The new device aims to mitigate this issue. The team’s approach involved extensive simulations, 3D printing, and experiments on cadavers to perfect the design. The result is a small, biocompatible resin array of teeth atop a curved base. These teeth, only 3mm long, are designed to grasp the tendon without cutting through it – reducing the risk of re-tearing. The base can be customized via 3D printing to fit the specific curvature of a patient’s humeral head – enhancing the device’s effectiveness and personalization.

Lead author Iden Kurtaliaj, who spearheaded the research during his PhD under the mentorship of Dr. Thomopoulos and Dr. Guy Genin, emphasized that the device integrates seamlessly with existing surgical techniques. Surgeons can incorporate the biomimetic device into their current procedures to enhance repair strength without needing to change their approach fundamentally.

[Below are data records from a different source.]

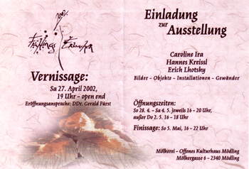 Erich Lhotsky, Carolina Ira und Hannes Kreissl, die sich seit ihrer Ausbildung auf der Graphischen (Malereiklasse Wilhelm Drach) kennen und auch teilweise zusammen arbeiten, haben gerade diese Urkraft in beeindruckender Weise umgesetzt - jeder auf seine Art.
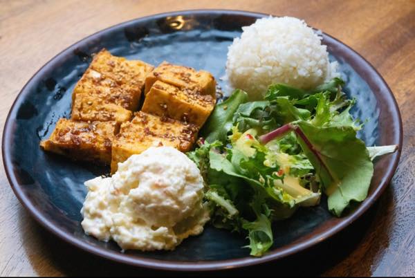 【③サイドメニューを選択】基本はライス+オーガニックサラダ、マカロニサラダ、ライス、フライ、サラダのみも可能。
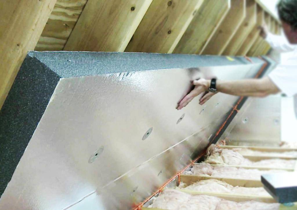 - Обустройство паробарьера, фиксация пленки на балках стропильной системы, проклеивание швов монтажной лентой.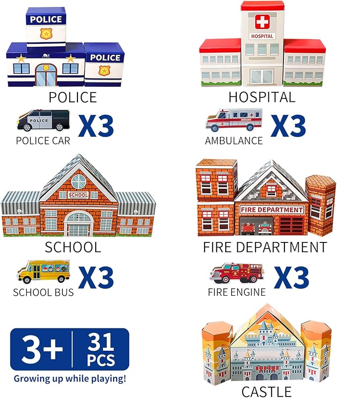 - 【Deluxe Jumbo Cardboard Building Blocks】31 cardboard building blocks in total with different colors and shapes, specially designed into 5 common buildings in our life, fire department, castle, school, police and hospital, and corresponding vehicles, fire engines, school buses, police cars and ambulances. Sufficient quantity and diverse designs can meet children’s needs greatly and help them develop creativity and imagination.

Looking ahead, the Columbia University research team is developing a bioabsorbable version of the python teeth-inspired device that will degrade as the tendon heals – further improving its clinical utility. They are also preparing for a pre-submission meeting with the FDA to facilitate the transition of their innovative device to the market. This advancement represents a significant step forward in orthopedic surgery, potentially transforming the treatment landscape for rotator cuff injuries.